[DATA TO USE Boundary: Start]
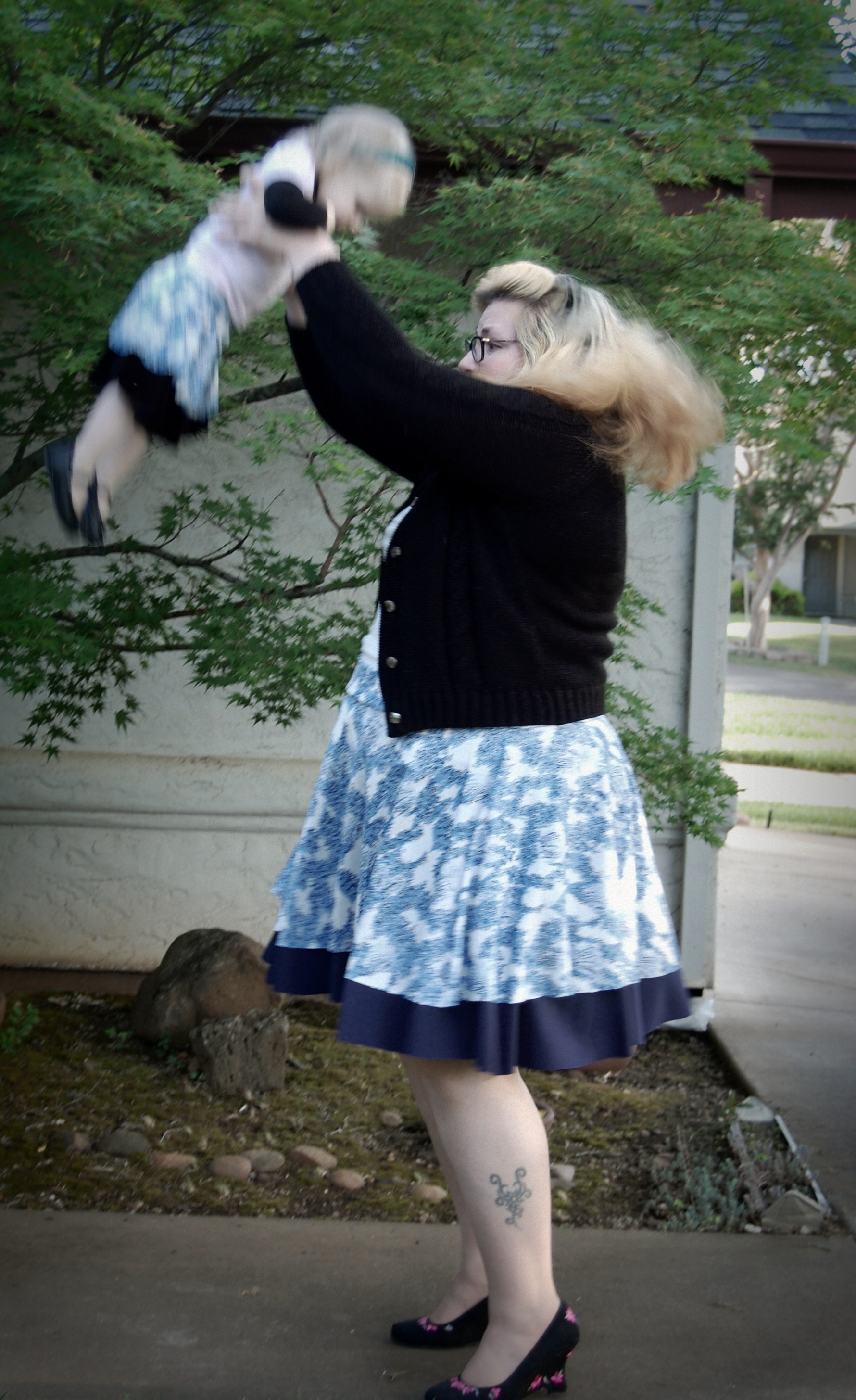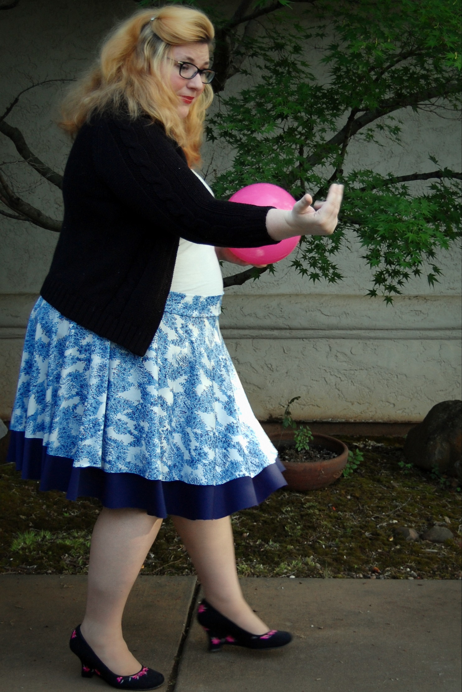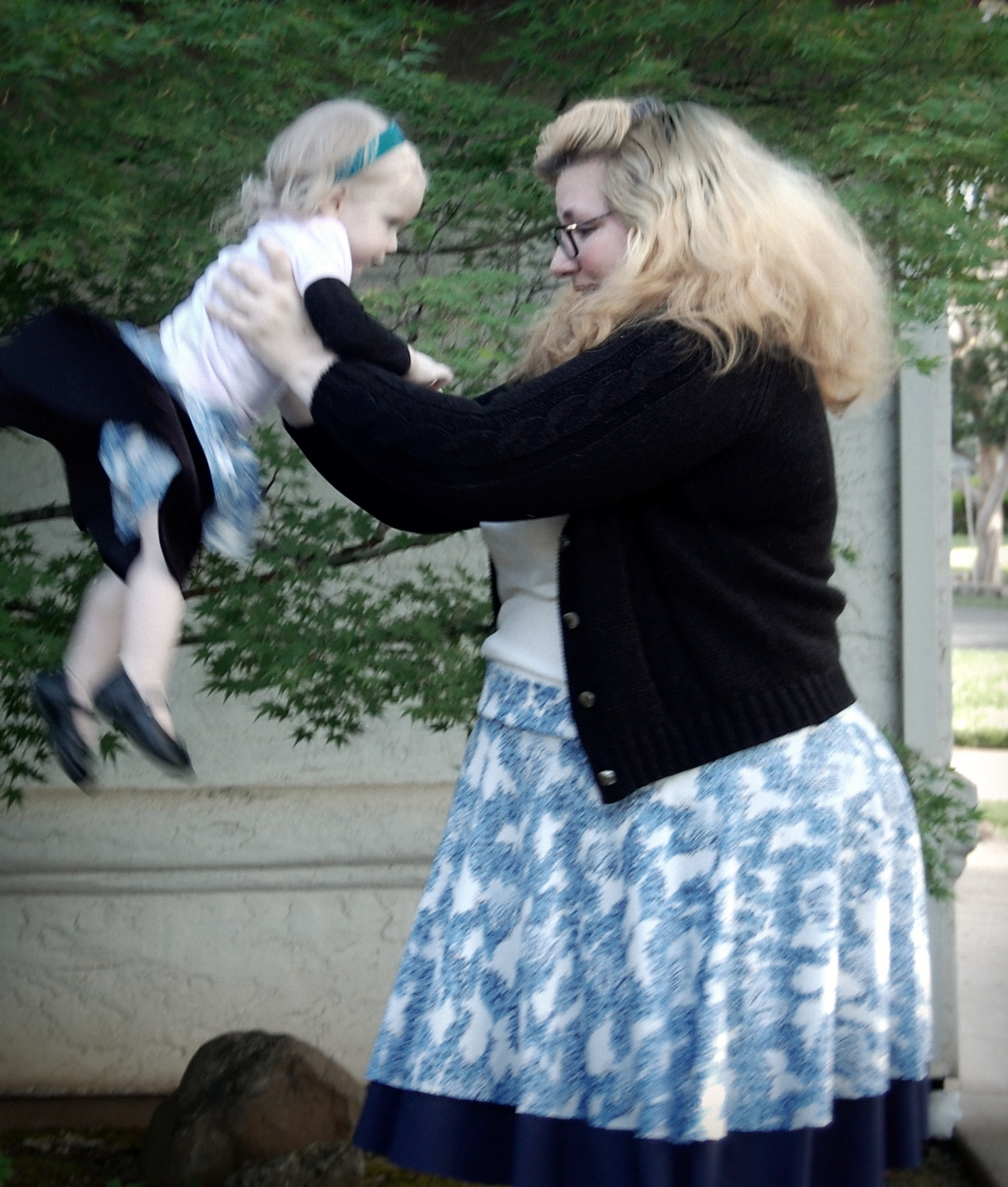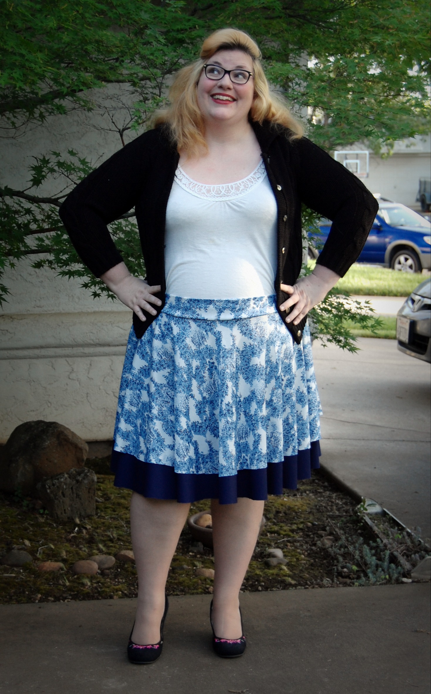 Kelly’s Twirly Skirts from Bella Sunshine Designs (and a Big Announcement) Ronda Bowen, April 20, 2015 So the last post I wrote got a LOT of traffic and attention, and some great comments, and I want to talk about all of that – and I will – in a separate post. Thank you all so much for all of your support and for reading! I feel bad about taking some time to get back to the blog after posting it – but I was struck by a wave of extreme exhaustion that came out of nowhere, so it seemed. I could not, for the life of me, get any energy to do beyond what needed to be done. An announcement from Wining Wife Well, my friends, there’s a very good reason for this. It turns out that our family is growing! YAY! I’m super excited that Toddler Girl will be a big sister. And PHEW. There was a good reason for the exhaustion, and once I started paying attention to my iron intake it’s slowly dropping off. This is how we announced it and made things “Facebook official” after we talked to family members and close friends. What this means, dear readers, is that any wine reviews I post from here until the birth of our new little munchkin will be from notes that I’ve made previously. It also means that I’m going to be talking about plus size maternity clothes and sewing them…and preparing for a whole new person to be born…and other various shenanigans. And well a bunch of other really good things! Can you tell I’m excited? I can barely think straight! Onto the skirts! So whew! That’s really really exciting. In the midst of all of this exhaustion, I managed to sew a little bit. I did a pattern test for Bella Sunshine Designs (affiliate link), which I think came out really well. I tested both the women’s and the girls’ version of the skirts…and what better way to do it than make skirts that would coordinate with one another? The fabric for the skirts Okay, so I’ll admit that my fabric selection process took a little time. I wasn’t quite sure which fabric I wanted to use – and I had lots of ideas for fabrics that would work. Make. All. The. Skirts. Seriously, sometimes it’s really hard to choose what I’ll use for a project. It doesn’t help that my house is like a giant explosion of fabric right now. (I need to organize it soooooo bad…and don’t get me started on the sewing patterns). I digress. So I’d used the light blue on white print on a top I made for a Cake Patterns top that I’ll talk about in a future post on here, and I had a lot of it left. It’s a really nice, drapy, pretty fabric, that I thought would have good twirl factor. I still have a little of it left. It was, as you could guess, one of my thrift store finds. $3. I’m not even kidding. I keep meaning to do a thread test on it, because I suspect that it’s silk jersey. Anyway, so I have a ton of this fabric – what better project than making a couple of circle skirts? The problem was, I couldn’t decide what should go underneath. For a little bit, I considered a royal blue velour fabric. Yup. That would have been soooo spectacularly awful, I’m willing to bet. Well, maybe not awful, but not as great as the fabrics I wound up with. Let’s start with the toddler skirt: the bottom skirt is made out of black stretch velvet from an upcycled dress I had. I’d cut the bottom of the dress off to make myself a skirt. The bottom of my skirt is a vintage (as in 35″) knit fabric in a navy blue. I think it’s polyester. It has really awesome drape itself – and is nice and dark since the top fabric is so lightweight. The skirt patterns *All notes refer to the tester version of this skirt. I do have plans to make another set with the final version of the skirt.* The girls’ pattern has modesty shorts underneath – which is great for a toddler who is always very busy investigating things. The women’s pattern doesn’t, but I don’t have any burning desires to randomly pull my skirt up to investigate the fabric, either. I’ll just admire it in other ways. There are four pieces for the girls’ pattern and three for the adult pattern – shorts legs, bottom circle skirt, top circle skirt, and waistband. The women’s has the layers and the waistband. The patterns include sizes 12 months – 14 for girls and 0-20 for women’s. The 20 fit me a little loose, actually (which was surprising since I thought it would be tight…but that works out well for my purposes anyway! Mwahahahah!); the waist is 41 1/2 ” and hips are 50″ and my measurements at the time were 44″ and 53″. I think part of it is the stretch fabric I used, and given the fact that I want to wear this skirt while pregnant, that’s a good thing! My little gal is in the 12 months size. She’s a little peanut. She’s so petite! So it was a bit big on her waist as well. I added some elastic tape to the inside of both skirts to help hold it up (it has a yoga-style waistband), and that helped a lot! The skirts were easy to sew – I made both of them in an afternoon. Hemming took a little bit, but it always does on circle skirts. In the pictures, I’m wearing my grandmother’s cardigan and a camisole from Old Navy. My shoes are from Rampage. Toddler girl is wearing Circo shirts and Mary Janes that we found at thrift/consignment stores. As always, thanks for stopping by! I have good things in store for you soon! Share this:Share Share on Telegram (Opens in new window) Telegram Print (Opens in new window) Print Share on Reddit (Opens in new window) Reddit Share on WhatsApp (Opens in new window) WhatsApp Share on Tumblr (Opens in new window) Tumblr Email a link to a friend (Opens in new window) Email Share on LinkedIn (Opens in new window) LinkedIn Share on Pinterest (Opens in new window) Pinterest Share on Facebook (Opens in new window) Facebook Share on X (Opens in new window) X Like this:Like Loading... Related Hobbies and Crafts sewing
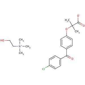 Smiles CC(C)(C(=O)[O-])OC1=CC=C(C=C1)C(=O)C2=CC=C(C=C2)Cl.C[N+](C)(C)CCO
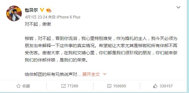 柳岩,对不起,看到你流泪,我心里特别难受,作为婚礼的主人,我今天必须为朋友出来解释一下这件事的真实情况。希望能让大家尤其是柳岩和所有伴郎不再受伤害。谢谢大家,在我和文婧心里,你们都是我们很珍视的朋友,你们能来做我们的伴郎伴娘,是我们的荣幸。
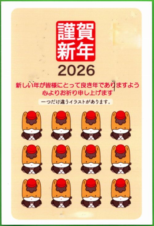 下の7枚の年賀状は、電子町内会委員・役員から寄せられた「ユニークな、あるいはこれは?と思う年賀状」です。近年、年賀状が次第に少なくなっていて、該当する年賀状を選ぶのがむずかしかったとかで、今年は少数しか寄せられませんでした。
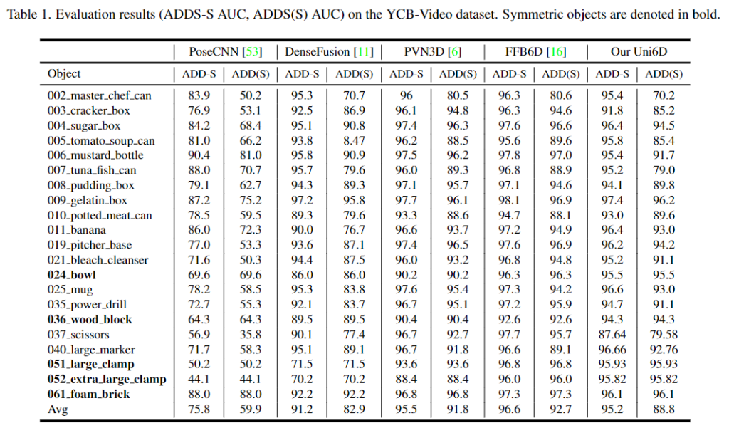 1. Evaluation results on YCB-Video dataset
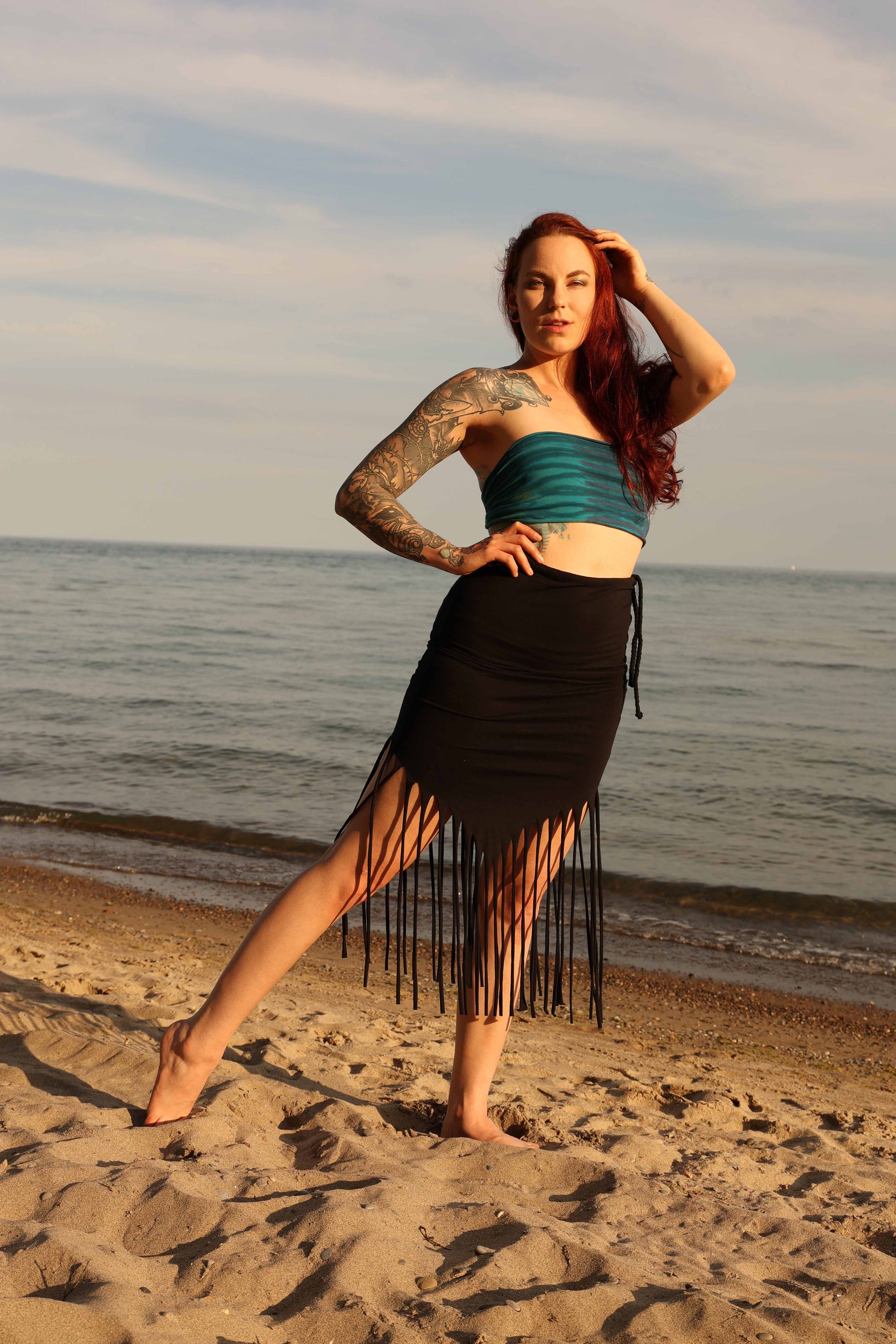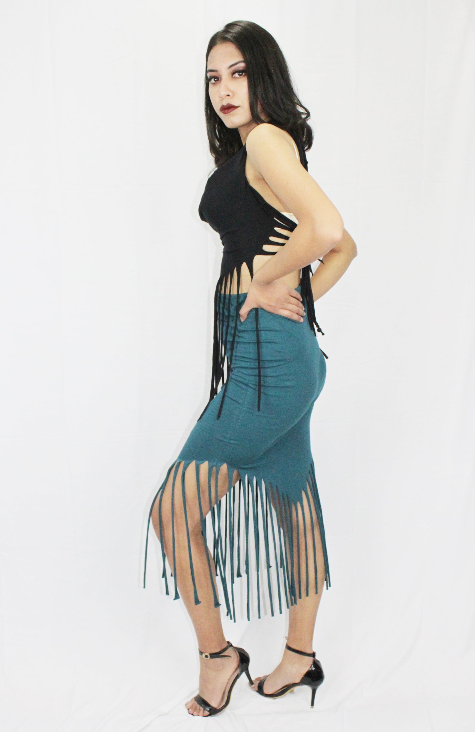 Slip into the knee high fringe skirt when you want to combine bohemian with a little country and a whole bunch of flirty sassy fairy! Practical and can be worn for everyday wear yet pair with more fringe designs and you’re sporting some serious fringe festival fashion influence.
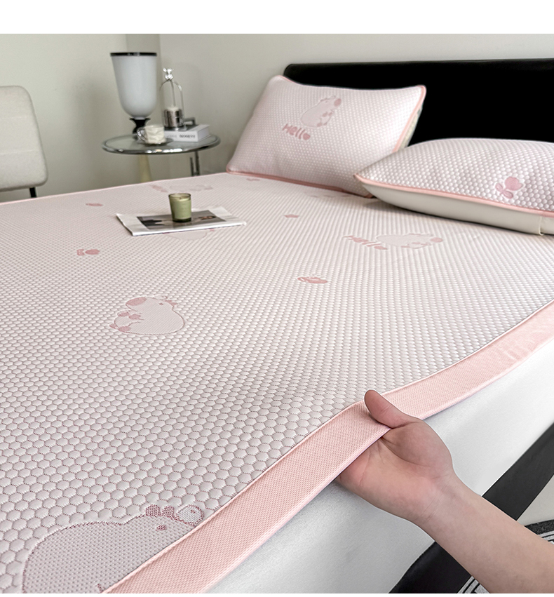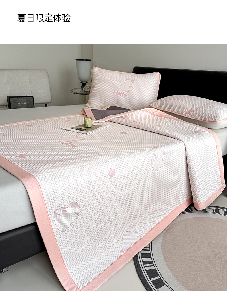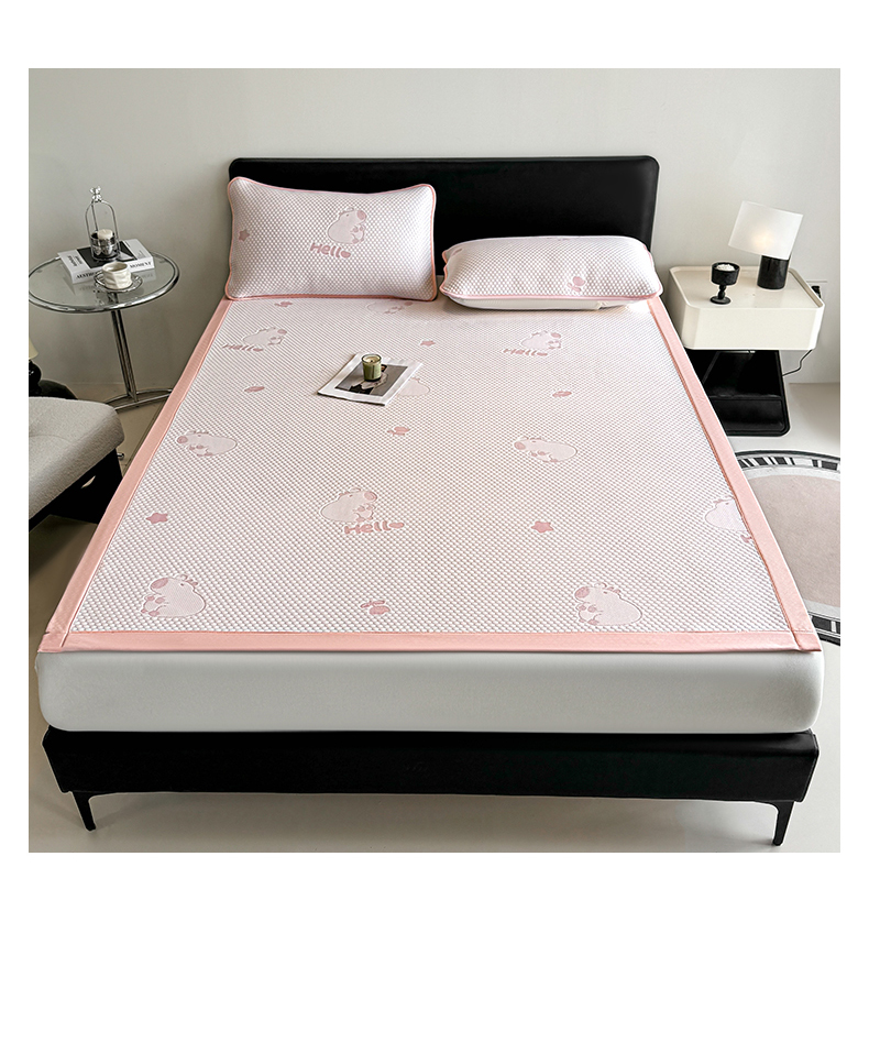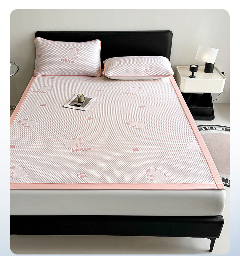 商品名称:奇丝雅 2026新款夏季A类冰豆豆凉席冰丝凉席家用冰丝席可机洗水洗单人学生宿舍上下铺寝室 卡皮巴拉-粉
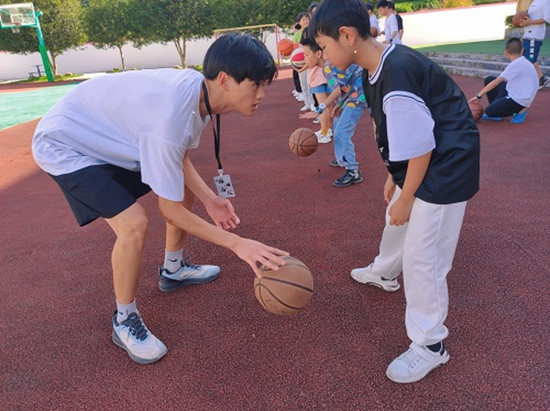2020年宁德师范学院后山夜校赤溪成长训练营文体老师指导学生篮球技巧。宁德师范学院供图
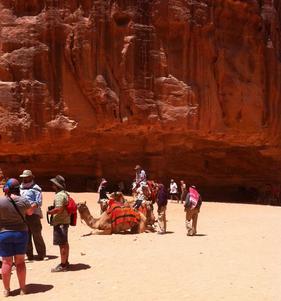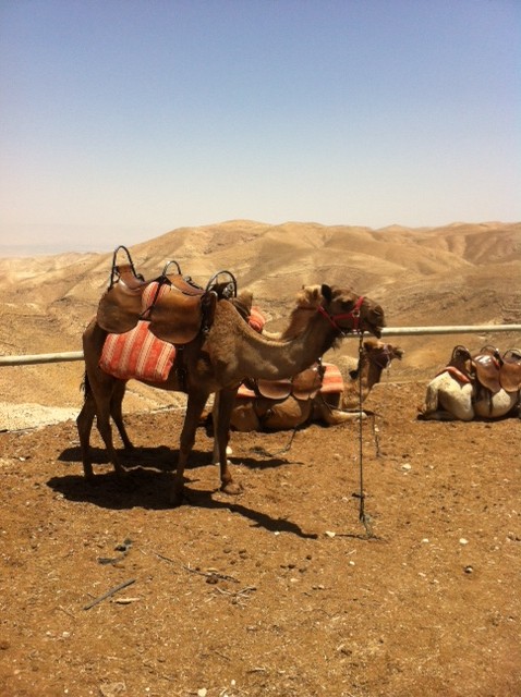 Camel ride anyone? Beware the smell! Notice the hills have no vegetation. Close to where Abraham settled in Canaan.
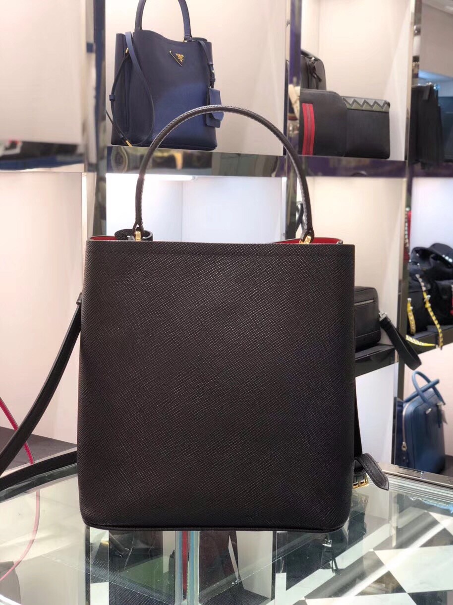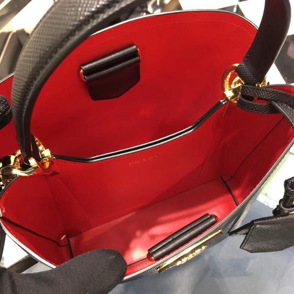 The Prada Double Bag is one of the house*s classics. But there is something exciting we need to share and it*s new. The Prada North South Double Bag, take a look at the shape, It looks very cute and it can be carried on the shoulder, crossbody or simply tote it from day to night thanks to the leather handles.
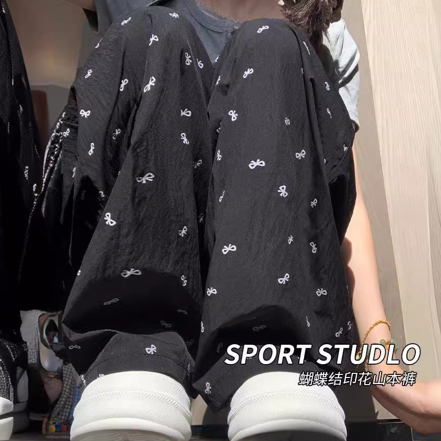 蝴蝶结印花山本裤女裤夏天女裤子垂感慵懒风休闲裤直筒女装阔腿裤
[DATA TO USE Boundary: End]
§ **WHAT IS REQUIRED**:
Transcribe exactly the span of lines that opens with the line holding "2020年宁德师范学院后山夜" and closes with the last line of the entries above. Omit pictures.

§ **OUTPUT OF THE EXERCISE**:
2020年宁德师范学院后山夜校赤溪成长训练营文体老师指导学生篮球技巧。宁德师范学院供图
 Camel ride anyone? Beware the smell! Notice the hills have no vegetation. Close to where Abraham settled in Canaan.
 The Prada Double Bag is one of the house*s classics. But there is something exciting we need to share and it*s new. The Prada North South Double Bag, take a look at the shape, It looks very cute and it can be carried on the shoulder, crossbody or simply tote it from day to night thanks to the leather handles.
 蝴蝶结印花山本裤女裤夏天女裤子垂感慵懒风休闲裤直筒女装阔腿裤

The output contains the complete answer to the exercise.